José não existe, mas todo dia acorda um José, e hoje eles resolveram ir para as
ruas.
Foto: Leia já. |
José hoje acordou, e viu que o país também é
dele, José é você, José sou eu, somos nós que lotamos as ruas do Brasil nos
últimos dias. Deixamos de "deixar estar" e fomos perguntar onde estão
os mais de 720 bilhões arrecadados em impostos só este ano. José foi cobrar,
porque o dinheiro que era para ser dele foi para os estádios de uma copa, um
jogo de futebol pelo qual ele não via mais graça em torcer, não daquele jeito. A seleção foi campeã, salve Brasil, salve a
seleção? Sim, salve a seleção.

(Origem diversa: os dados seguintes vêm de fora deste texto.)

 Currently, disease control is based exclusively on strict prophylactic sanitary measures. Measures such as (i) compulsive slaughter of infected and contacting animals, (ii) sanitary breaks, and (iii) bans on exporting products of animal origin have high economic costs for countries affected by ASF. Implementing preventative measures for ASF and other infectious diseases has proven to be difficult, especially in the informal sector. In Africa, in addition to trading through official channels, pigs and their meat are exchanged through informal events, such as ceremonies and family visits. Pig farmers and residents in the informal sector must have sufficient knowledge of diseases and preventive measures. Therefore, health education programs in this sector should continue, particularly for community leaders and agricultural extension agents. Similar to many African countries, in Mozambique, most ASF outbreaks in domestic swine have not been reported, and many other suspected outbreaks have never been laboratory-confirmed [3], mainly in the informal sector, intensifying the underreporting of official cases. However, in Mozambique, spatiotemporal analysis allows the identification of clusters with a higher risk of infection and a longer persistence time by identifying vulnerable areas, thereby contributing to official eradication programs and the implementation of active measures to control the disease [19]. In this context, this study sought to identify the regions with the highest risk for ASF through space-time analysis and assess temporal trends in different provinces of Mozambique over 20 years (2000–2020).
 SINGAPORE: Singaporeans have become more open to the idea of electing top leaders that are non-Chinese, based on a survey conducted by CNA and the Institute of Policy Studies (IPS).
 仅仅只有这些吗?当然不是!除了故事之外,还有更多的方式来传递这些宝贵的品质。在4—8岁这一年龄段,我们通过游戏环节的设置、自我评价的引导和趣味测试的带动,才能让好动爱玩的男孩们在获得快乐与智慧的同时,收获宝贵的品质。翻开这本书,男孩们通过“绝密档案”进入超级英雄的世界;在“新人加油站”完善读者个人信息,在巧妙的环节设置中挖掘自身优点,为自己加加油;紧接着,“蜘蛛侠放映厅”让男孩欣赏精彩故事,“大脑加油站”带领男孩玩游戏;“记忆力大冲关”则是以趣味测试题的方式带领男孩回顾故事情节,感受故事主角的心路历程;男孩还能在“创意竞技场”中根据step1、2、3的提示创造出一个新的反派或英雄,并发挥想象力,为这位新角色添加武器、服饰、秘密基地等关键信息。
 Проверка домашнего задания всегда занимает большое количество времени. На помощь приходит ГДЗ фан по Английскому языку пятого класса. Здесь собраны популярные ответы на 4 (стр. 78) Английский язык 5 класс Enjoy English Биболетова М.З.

Mas isso não pode calar a voz de milhares de
Josés que ainda estão lutando por seus direitos, os números nos protestos
diminuíram, é fato, pelo fim do modismo ou pela comodidade que é sentar-se mais
uma vez em frente à TV e não olhar ao redor a realidade, outros tantos ficaram
pelo caminho. E esses Josés que continuam nas ruas estão apanhando sendo
duramente reprimidos enquanto o povo comemora e grita gol.
A copa das confederações
acabou, conseguindo ofuscar um pouco as manifestações que estão dominando o
Brasil, mas será que agora podemos voltar ao assunto principal? Quando
estudamos para provas na escola, não podemos deixar os assuntos acumularem, por
não conseguirmos dar conta depois. O mesmo está acontecendo com o Brasil: adiamos
por anos nossos problemas. E, entendam, essa bola de neve já vinha crescendo há muito tempo e nada era feito, afinal pra que serve o jeitinho brasileiro? Jeitinho
Brasileiro com que nossos governantes lidaram com os problemas. Quando falamos governantes, não dizemos Dilma, ela não tem culpa da confusão "estourar"

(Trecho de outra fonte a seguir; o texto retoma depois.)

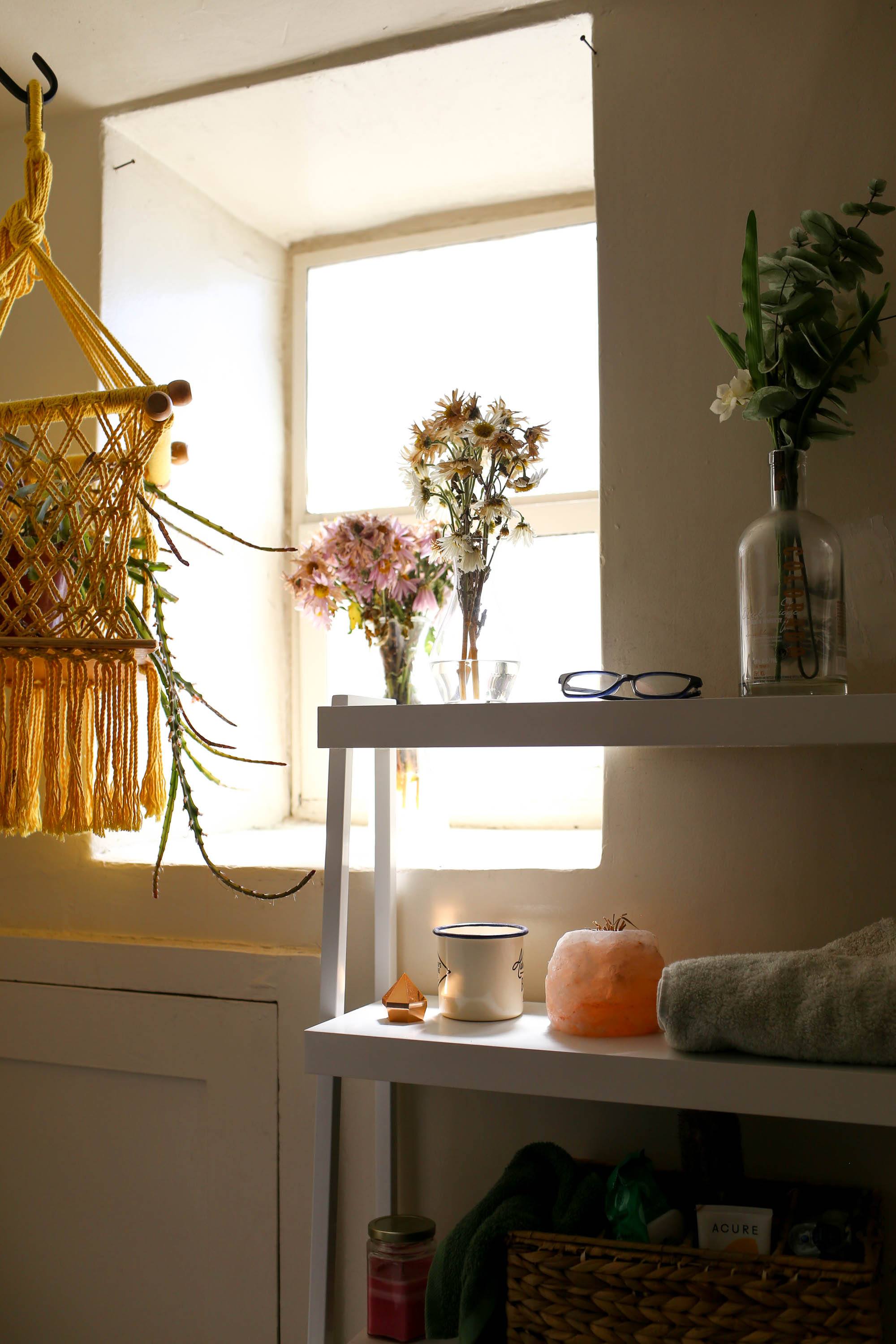 We settled on this shelf from Target that sits behind/over the toilet to add shelving space in an area that was previously just a blank, unused wall. I found this wicker storage basket at Ross and it’s a perfect caddy for my daily things; my hairbrush, facewash towel, contacts, leave-in-conditioner. On another shelf, we have our handtowel and a cup to hold my cue-tips.The top shelf is where I now keep my glasses, phone when I’m listening to music and flowers for decor. This section is the most-used part of our bathroom, as it’s now all that surface space we lacked before.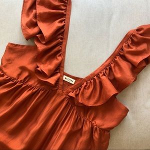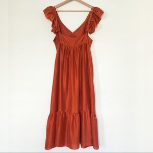Gorgeous deep orange silk dress with ruffled shoulder straps and a gathered midi length hem. Loose breezy style, invisible zipper on the side. The lightweight 100% silk fabric has an amazing shine and a subtle silk texture, unlined.

em seu governo, tanto que foi a PRIMEIRA líder mundial a ouvir as ruas. E, mais
uma vez, não estamos defendendo ou apoiando nenhum partido ou governo mas parem
de sair com cartazes culpando Dilma pelo gasto na copa, quem pediu a copa fomos
nós, mas infelizmente houve abuso no uso do dinheiro (como sempre). E quando
finalmente "acordamos" e conseguimos conquistar algumas medidas, o
movimento perde força. Sim o MPL (Movimento de Passe Livre) saiu da frente dos
protestos, mas só por isso devemos nos acomodar? Acomodar por conseguir
derrubar a PEC 37 e diminuir o preço da passagem em muitas cidades no Brasil?

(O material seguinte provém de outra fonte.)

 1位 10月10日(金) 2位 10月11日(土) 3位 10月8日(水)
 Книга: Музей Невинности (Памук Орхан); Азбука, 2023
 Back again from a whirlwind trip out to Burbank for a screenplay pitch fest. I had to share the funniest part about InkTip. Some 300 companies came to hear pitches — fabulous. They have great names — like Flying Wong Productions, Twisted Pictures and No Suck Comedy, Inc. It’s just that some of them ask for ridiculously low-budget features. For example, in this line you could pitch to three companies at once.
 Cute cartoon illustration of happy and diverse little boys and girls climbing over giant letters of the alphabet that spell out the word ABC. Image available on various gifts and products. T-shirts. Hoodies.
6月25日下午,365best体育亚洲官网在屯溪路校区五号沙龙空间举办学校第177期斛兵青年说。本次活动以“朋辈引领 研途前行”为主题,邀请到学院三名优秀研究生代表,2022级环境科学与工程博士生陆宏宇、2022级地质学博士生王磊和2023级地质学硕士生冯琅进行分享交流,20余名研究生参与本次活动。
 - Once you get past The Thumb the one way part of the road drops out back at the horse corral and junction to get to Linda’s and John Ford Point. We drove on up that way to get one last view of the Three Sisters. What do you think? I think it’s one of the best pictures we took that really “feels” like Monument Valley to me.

Enquanto governadores continuam ganhando um absurdo e o nosso dinheiro continua
sendo desviado a todo momento? Enquanto Feliciano continua tentando dar força a
ideias intolerantes para um país laico?
A resposta é não. Não
devemos nos acomodar. Ninguém disse que iríamos acordar um belo dia com todos
os problemas resolvidos, né? As coisas não caem do céu. “Mas eu não posso ir às
ruas porque eu trabalho ou porque meus pais não deixam ou porque eu tenho medo
ou...” lembrem-se: o que deu força a esse movimento? O que fez com que tudo
tomasse a proporção que tomou? A internet. As redes sociais. Um
compartilhamento não é só mais um compartilhamento, um tweet não é só mais um
tweet, pessoas vão ler e alguém vai se sentir tocado e impulsionado a fazer o
mesmo, a lutar.
Ok, supondo que
conseguimos convencê-lo a continuar na luta vem a pergunta: lutar pelo quê? Os
motivos acima não bastam? Todos querem saúde, transporte e educação de
qualidade, o fim da corrupção e da miséria, mas esses motivos não generalizam
demais? O grande problema é o foco. Por onde começar em uma cidade como Recife
que levou milhares às ruas com ideologias e pedidos dos mais diversos? É aquela
velha história de que quem tudo quer acaba sem nada, por isso o foco é tão
importante. Por onde começar um novo Brasil? O grupo Anonymous Brasil propôs
cinco causas pelas quais devemos ir atrás e, dessas cinco, duas já foram
atendidas, aos poucos completaremos a lista e acrescentaremos mais
reivindicações.
Entretanto, fazendo uso
de um clichê que tem se repetido nesses tempos, nada muda se o povo não mudar.
Por isso argumentem, pensem, leiam, discordem, critiquem... Retomando o texto
de Tom Zé com que voltamos ao blog: NÃO SE TORNEM ‘ANDROIDES’, “pensar SEMPRE
será ousar”. Sejamos ousados para que não sejamos usados, mais uma vez.